KARSEN, FRITZ (1885–1951), educator. Born in Breslau, Germany, Karsen began his educational career in Berlin as a secondary school teacher. In 1920, at the national school conference he presented the Einheitsschule (unified primary school) idea, which aimed at the mixing of social classes. His major achievement during this period was the organization and direction, 1921–33, of a school complex (from kindergarten through secondary school), the Karl Marx School in Berlin-Neukoelln.

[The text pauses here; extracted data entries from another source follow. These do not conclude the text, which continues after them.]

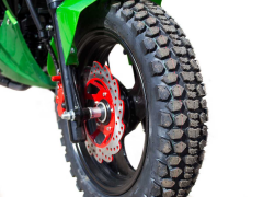 У пассажира и водителя есть небольшие обрезиненные подножки, сзади складные, спереди стационарные. Для дальних поездок это неудобный вариант, потому аппарат скорее ориентирован на развлекательное катание и непродолжительные поездки, максимум на 100 км. Об этом говорит и конфигурация покрышек, которые будут довольно шумными на твердом асфальте. Кроме того, такие грунтозацепы дают сравнительно сильные вибрации, что снижает комфорт при длительном катании.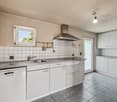 • modern kitchen with white cabinets, dark countertops, double oven, refrigerator, dishwasher, washing machine, natural light from windows, dining table and chairs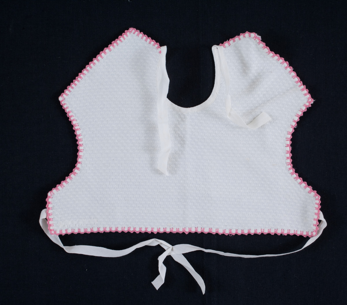 knytband av bomull i halsen och nedtill, ett i var sida.
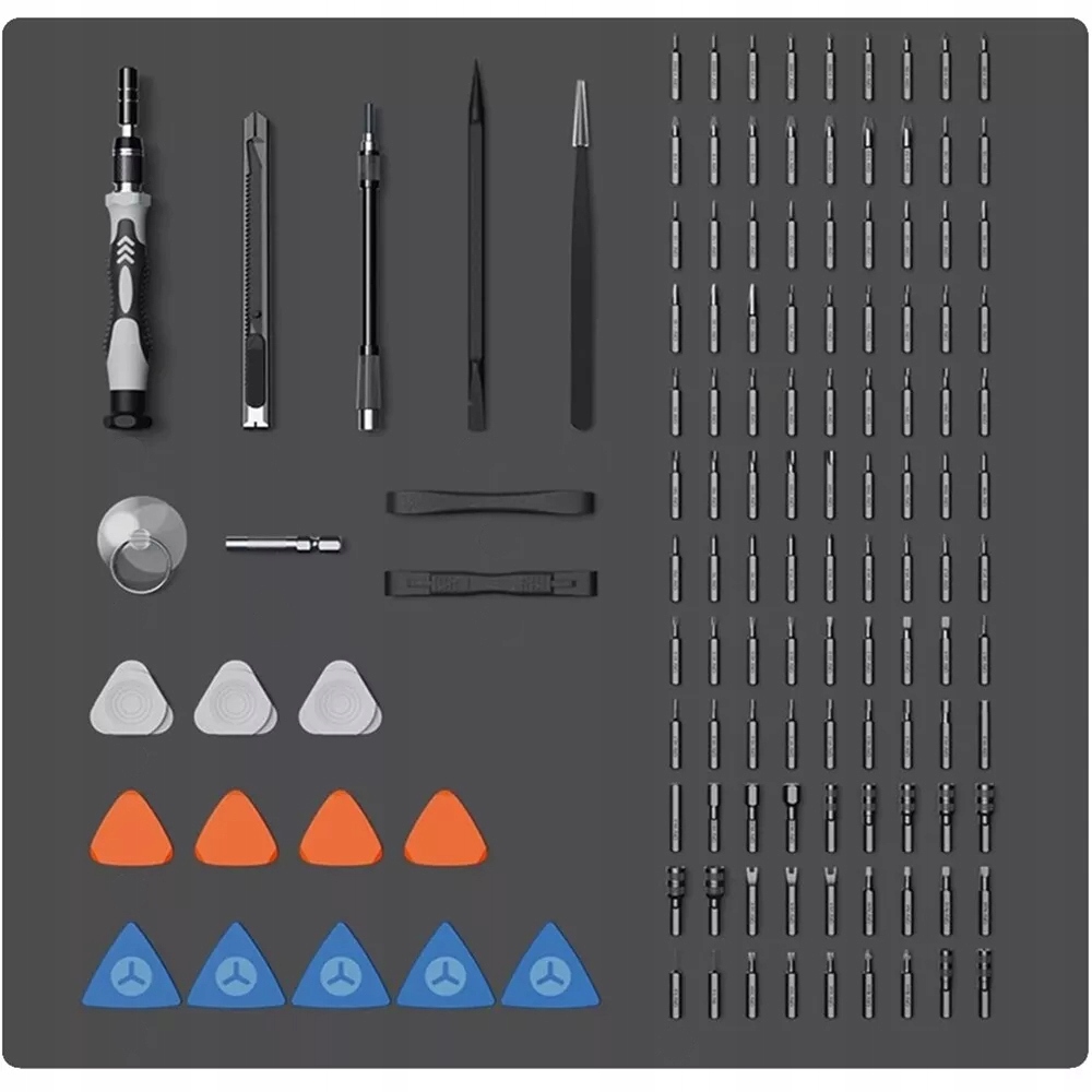 【Ідентифікація кольорового коду】Цей невеликий ремонтний набір із інструментами для обслуговування використовує модулі яскравих кольорів для розрізнення різних типів насадок, що дозволяє швидко знайти потрібну насадку. Моделі біт включають: Phillips, Flat, Allen, Socket, Torx, Drill тощо, 14 типів. Незалежно від того, який тип гвинта ви зустрінете під час ремонту, у цьому наборі прецизійних магнітних викруток є все, що вам потрібно. Наприклад, мобільні телефони, комп’ютери, ігрові консолі, предмети домашнього вжитку, окуляри, годинники та електронні вироби.
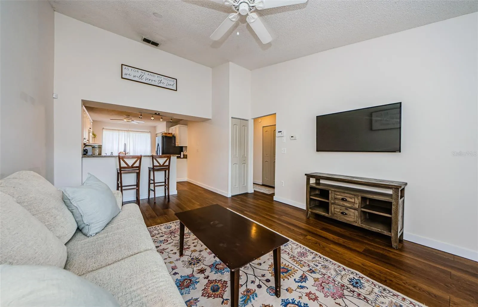 Move -In Ready Condo in Millpond Trace Community! This beautifully updated 2-bedroom, 1-bath condo features soaring ceilings and luxury vinyl flooring throughout, offering both style and durability—perfect for everyday living and pets. The open-concept kitchen overlooks the living space and showcases granite countertops, bar seating, a farmhouse sink, extended pantry, and generous cabinet storage. The home also offers large closets, an inside laundry area, and an updated interior with neutral paint tones and crisp new baseboards throughout.

He introduced various new procedures in these schools, such as individualized instruction, pupil government, and activity method. Karsen undertook study trips to the U.S. and the U.S.S.R. His plans for an elaboration of his school organization to include young people aged 18 to 19 were halted by the advent of the Nazis. In 1933 Karsen left Germany and settled permanently in New York, where he served as professor of German at City College and professor of education at Brooklyn College. From 1946 to 1948, Karsen served as higher education specialist in the U.S. military government in Germany. The recognition of his educational work in Germany was commemorated by the establishment of the Fritz Karsen School in Berlin. Karsen's main writings include Die Schule der werdenden Gesellschaft (1921), Deutsche Versuchsschulen der Gegenwart und ihre Probleme (1923), and Die neue Schulen in Deutschland (1924), which he edited. He died in Guayaquil (Ecuador).

BIBLIOGRAPHY:

A. Ehrentreich, in: Bildung und Erziehung, 5 (Jan. 1952), 22–28. ADD. BIBLIOGRAPHY: G. Radde, Fritz KarsenEin Berliner Schulreformer in der Weimarer Zeit (1973); J.P. Eickhoff, Fritz KarsenEin Wegbereiter der modernen Erlebnispädagogik (1997); J.J. Choi, Reformpädagogik als UtopieDer Einheitsschulgedanke bei Paulo Oestreich und Fritz Karsen (2004).